I love getting comments from my Post readers. And I love learning new things. A comment from Jon gave this threading to catch the outside warp thread. With it you don’t have to think and you don’t need a floating selvedge. I might not use it if I thought I would weave other structures besides twills in a piece, but it beats a floating selvedge if you plan a big twill project. Try to figure out how it works just from the threading.

Here is the regular 4-shaft twill tie-up. Can you see how a thread is always caught on each edge with every weft shot? Notice the circles in the tie-up. That’s because it’s showing shafts lifted. Remember that bubbles rise.

Now add the treadling. Can you figure out what the edges will look like from this information?

Here is the complete draft. The edges make a sort of plain weave. Perhaps you could thread more threads for the edges and make a border. Maybe an idea to ponder and worth trying?
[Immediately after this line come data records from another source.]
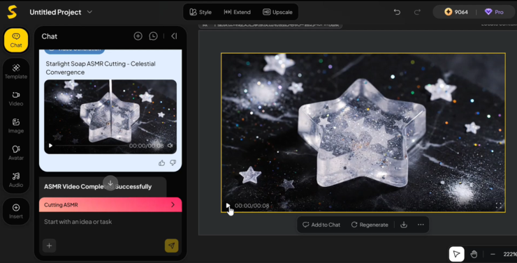 我们还用画布生成了一段 ASMR 视频,主题是“星辰摩擦的声音”。模型在生成时准确捕捉了声波的颗粒感与空间分布,声音层次分明,节奏自然,带有切割肥皂般的细碎触感。视觉与音频在同一画布内被同步渲染,整体效果极其干净、细腻。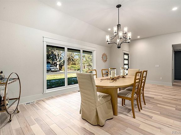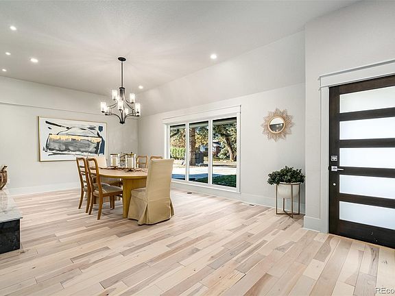 Absolute exquisite remodel in Applewood a year in the making. Taken down to the studs, this incredible sprawling ranch home full of brilliant light is nothing short of breathtaking. An entertainers dream with a wall of windows, 8' double sliders, and soaring 10' ceilings. Solid Hickory 3/4" hardwood floors greet you at the front door and carry you throughout the main floor. Incredible open kitchen with a Silver Stone accent wall, Midnight and Dove White maple shaker cabinetry, Quartz counters, huge center island, pantry with shelving, cabinets and pull out drawers, stainless french door wall oven, microwave oven, warming drawer, 6 burner gas range/stove, and a 42" built in refrigerator. Master bedroom with double sliders opening onto a patio and master bath with dual vanities, free standing soaking tub, unbelievable shower with 3 shower heads and a closet the size of a small bedroom. Main floor light filled laundry room, cabinets galore and a mud room with built-in bench seat, wainscoting beadboard wall with hook rail, and cubby shelves. The open staircase with cable hand rail leads into a fully finished basement with 10' ceilings, a family room, 2 bedrooms and 2 bathrooms. The spacious family room is wired and plumbed for wet bar. This home features an Ecobee smart thermostat, Ring doorbell, 3 car garage with wifi enabled doors and so much more than this space allows. The remodel of this home was thoughtfully designed and exceptionally executed. Quality craftsmanship throughout.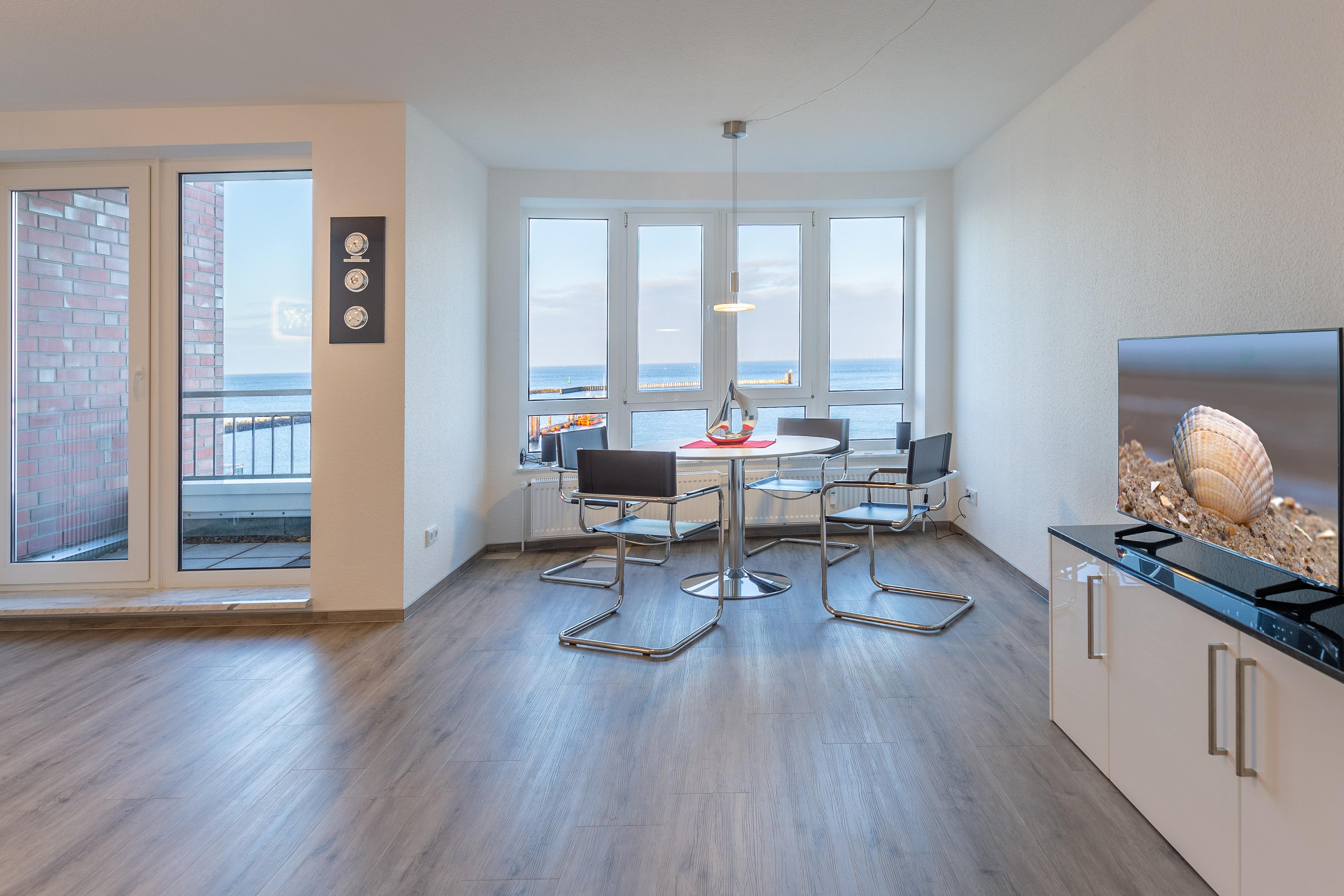 Moin, moin von der Waterkant! Ferienwohnung 27 im Haus Seeterrassen besticht durch eine moderne Ausstattung und einen traumhaften Blick auf den Weltschifffahrtsweg, die Elbe und den Fährhafen. Der Ausblick bietet Erholung und Erlebnis zugleich. Beobachten Sie Kreuzfahrtschiffe, Kutter und Großsegler direkt aus Ihrer komfortablen Ferienwohnung. Auf 70 m² bietet Ihnen die[nbsp] 2-Zimmer-Ferienwohnung mit separatem Schlafzimmer ausreichen Platz für 2 Personen.

This is how my mind works—I’d want to do a sample first to see how the two weaves work. Now I’m thinking again…you could thread the edges: 22, 44 and 11, 33 to get a real basket weave on the edges and I think that should surely work with the twill. When I want bands of both twill and plain weave in a cloth, I often use basket weave instead of real plain weave because they both draw in the same. (If you use plain weave bands, they will turn out to be wider than the twill areas.)
Have you tried it yet? I’ve attempted something like this recently using a worsted wool yarn. I was basically making a trim piece, 2″ wide, to finish a hucklace woven wool piece that ended up looking like a ribbed sweater! Anyway, I thought a twill trim would be easier to shape around the sweater collar and stuff, but also needed a good edge and the worsted wool wouldn’t full very much, so I tried this – creating a tabby at the edges with the last four threads. What didn’t work is that the tabby weave and the twill weave didn’t, um…pack? the same way? What word do I use? haha. The tabby weave was tight but the twill was too loose — so I just used a tabby weave for the whole piece. I was wondering if maybe a basket weave or spacing out the threads – like going from 24 to 12 epi or whatever, might do the trick. I just wove yards of 16/2 linen twill to make bread bags and did nothing special, it turned out great – but that’s linen for you!
I worried about that problem and you proved it worthy of worry. I think that’s why I began to think of the basket weave and doubling the threading for the edges. The worsted wasn’t very forgiving, but neither would cotton or line be. It will be interesting to hear other reports.
Peggy
I weave Tartans, and this is the thread up I use to give me clean, solid edges.